Two very important concepts involved when handling multivariate data are also demonstrated in this model.
- Interaction, where the influence of on factor on the dependent variable is altered by another factor. Interaction can be
helpful or unhelpful, but they need to be defined, isolated, and interpreted. An example is that interaction between sex and
gestation means boys and girls have different growth rates
- Confounding, caused by correlations between factors, so that it is difficult or even impossible to identify how much each
factor affects the outcome. Confounding is always bad as it results in misleading interpretations, and the greatest virtue of
multiple regression analysis is its ability to separate the unique and overlapping parts of effects from multiple factors.
An example of correlation and confounding would be if girls are born earlier than boys, so that it is unclear
whether it is the sex or the gestation that affects birth weight.
Factorial Analysis of Variance
Factorial Analysis of Covariance
The Factorial model of Analysis of Variance was initially used in agriculture and animal laboratories, where subjects
(plants or animals) are randomly allocated to groups, which are given a combination of two or more treatments. Such a model has
many advantages
- The same subject is used in a number of experiments simultaneously, thus greatly reduce the cost of research
- In many cases, the combination of two treatments may have greater (synergism) or less (antagonism) effect than the sum
of their individual treatment. These are called interactions and provides additional useful information to have'
- Mathematically, the analysis of Variance calculates the effect of each treatment (single factors), then in groups of
combined treatments (combined factors). The difference between the combined effect and the sums of the single effects
then represented the interaction, which can be numerically presented and statistically tested.

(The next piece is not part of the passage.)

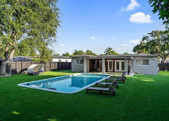 Featuring a private swimming pool for guests' relaxation, Tropical 4Br Villa With Pool, Bbq & Mini Golf Fun North Miami is located about a 25-minute stroll from North Miami Athletic Stadium. Featuring garden views, the Miami villa invites guests to visit the Haulover Sandbar, located 4.5 km away.
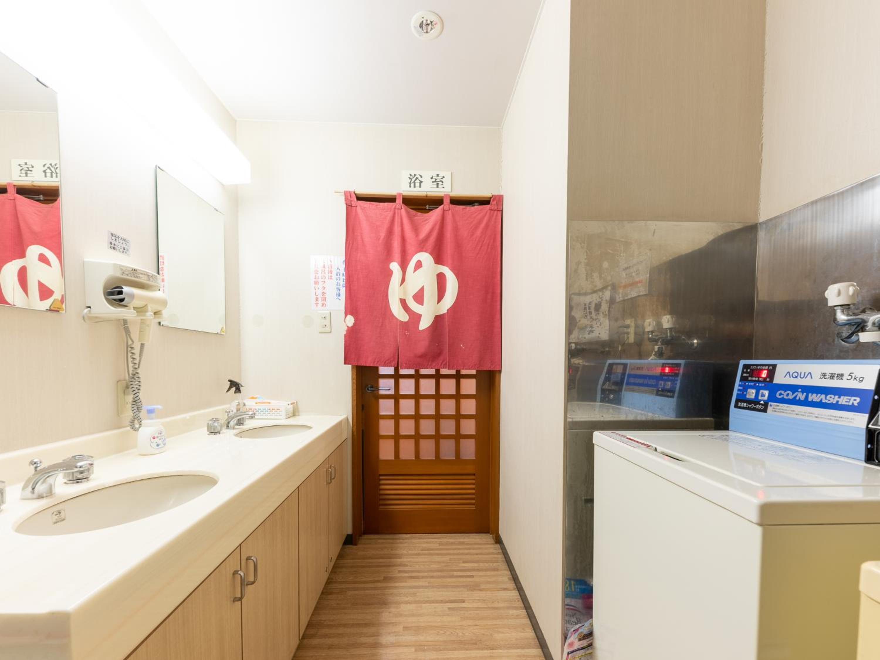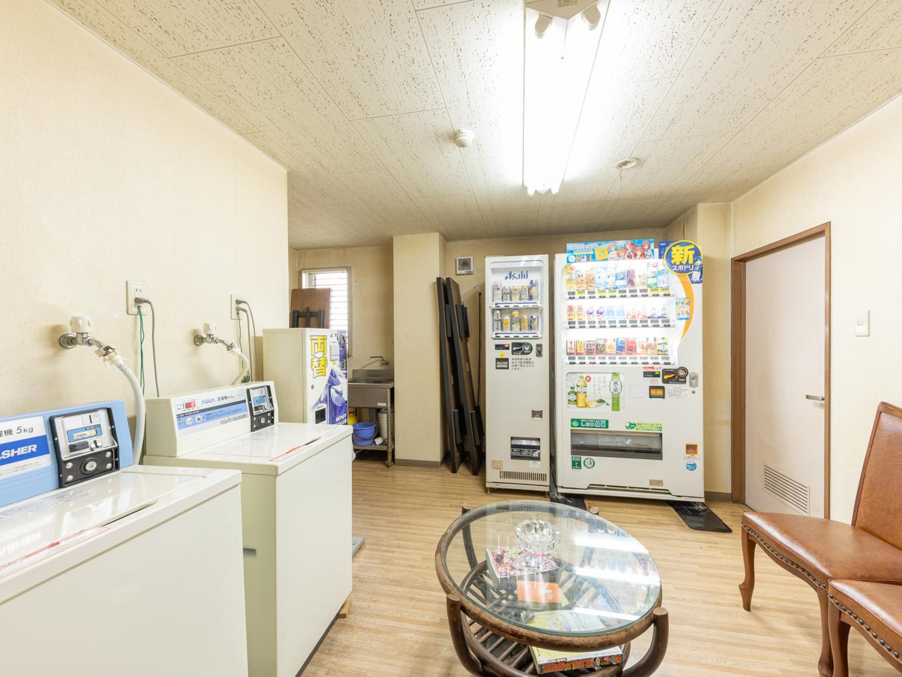 一回には洗濯機、乾燥機、お酒の自販機と普通の自販機がある。

- The two important underlying assumptions in this model are, firstly, that the treatment must be randomly and
independently allocated, so there is no correlation between treatments, and secondly, that all groups and subgroups
at different levels have the same sample size.
The Factorial model is a powerful and efficient model of investigation, so gradually it is adopted in all aspects of
psychosocial research, and into the clinical area, and from the controlled experiment to the epidemiological model. In doing so,
the important assumptions of Factorial models cannot be met, as independent variables are often not randomly allocated treatments,
but characteristics in the natural environment, and sample size availability in subgroups are seldom the same.
- The sample size in the groups can only be controlled to an extent. For example, the number of boys and girls born are
never exactly the same, and to artificially create equal numbers will require removing some cases arbitrarily, and this
process itself will introduce a bias.
- The difference in birth weight between boys and girls amongst Germans may be different to that amongst Greeks (interaction).
Although interaction can be useful information, in clinical investigations they often represents an unwanted distraction making
interpretation of data difficult.
- We cannot allocate sex at random to different groups, and a possibililty of correlation occurs. For example, the sex ratio may
differ in different ethnic groups, so that the influence of ethnicity and sex cannot be separated (confounding).
When the assumptions of the Factorial model is violated, the results produced becomes misleading, and sometimes the numbers do not add up. When there is extensive correlation between independent variables, the overlapping influences are counted repeatedly and thus inflated in the single effects, so that the combined effect is less than the sum of the single effects, resulting in a conceptually unacceptable negative interaction.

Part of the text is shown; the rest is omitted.